ByteDance Introduces Large Language Model Platform

This week, ByteDance, the parent company of TikTok, launched the Ark Large Languge Model Platform through its cloud computing service, Volcano Engine. The new platform will feature AI models from seven startup companies and research institutions, including Zhispect AI and MiniMax, and will offer services for sale to the public. ByteDance plans for deeper cooperation with these entities, which have already set up exhibition booths at Volcano Engine events, and their founders or co-founders have publicly stated their intent for future collaboration with the Volcano Engine.

To attract startups to use Volcano Engine for their models, ByteDance has swiftly allocated idle computing resources from its businesses, such as TikTok, and offers computation services at prices lower than its competitors. The President of Volcano Engine, Tan Dai, pointed out that most large model companies in China use the Volcano Engine for training and it is only logical for them to also use it for inference.

At the beginning of this year, ByteDance formed at least three teams to develop large models in a bid to capitalize on the opportunities presented by the large AI models. The company ordered over $1 billion worth of GPUs from Nvidia and the founder, Zhang Yiming, who stepped down as CEO two years ago, has started reviewing related papers and sharing insights with some teams.

ByteDance’s goal is not just to develop large models like OpenAI, but also to establish a platform leveraging its abundant GPU reserves to help startups train and sell large models. In the words of Tan Dai, they plan to introduce more large models in the future. Besides applying these to their businesses, ByteDance will also sell them on its platform.

Tan Dai stated that this decision is based on two judgments: the large model market will not be dominated by a few models, and businesses will use multiple models to develop applications or transform their businesses. He further pointed out that although “super models” are effective, they are not cost-effective, and not all problems require “super models”. Furthermore, with varying industry requirements and different training data for the models, there will exist large models targeting specific industries or varying parameter sizes, which determines the cost.
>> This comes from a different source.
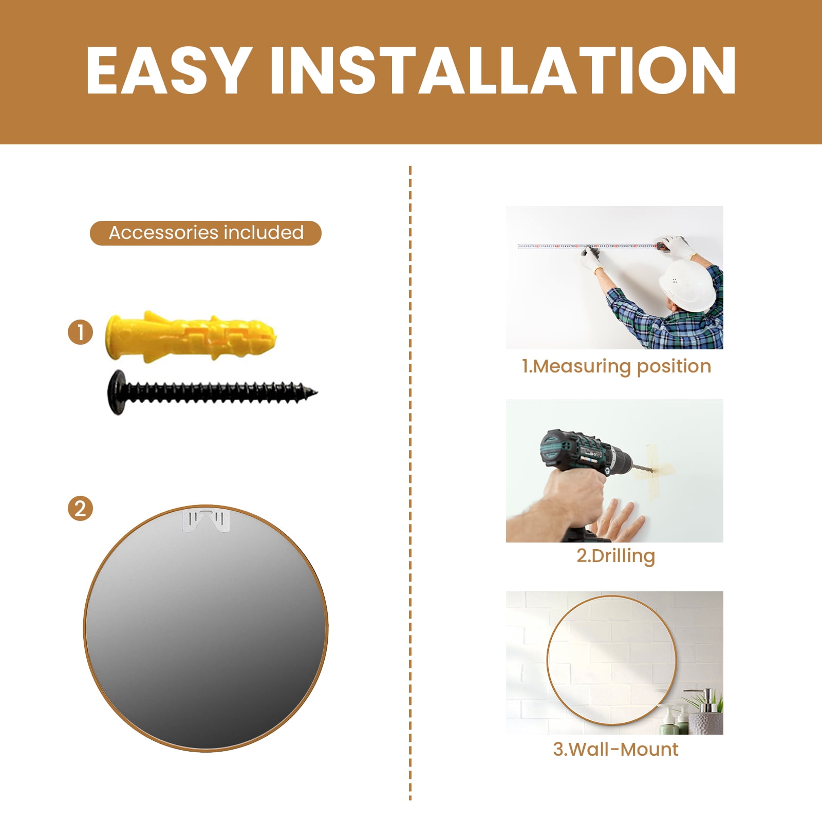 Large Round Mirror Shatterproof: 32 inches diameter large round mirror can visually make your home more spacious and more inviting while serving as functional wall art. Large Round Mirror High-Definition: Our round mirror is made by precise and professional silver coated technology which can present a clear and real image.This mirror shows a clearer image (CRI up to 90). Large Round Mirror Metal Frame: The metal frame is made of black brushed aluminum alloy. It’s not only beautiful and sturdy, but also waterproof and rustproof. The large round mirrors are perfect for living room, bathroom, bedroom, dining room, entryway, rustic, vanity, etc. Round Mirror Sturdy: The back also made a special design, the back can fit the wall completely. The black MDF board on the back, meanwhile, can make the whole frame more solid and durable. Easy To Install: The large round wall mirror can be installed easily. The hook is pre-installed and screws included. Worry-Free Purchase: Any defective with received mirrors will get a full refund or a free replacement. Any questions will be responded within 24 hours.

The consensus in the industry is that large models present opportunities for Chinese cloud computing companies. However, their approaches vary. While Baidu and Alibaba have chosen to first develop their own large models and then offer services, Tencent has yet to release a self-developed model. Tencent‘s strategy, as stated by Ma Huateng, is to first establish a platform to attract large models pertinent to various industries and then offer services.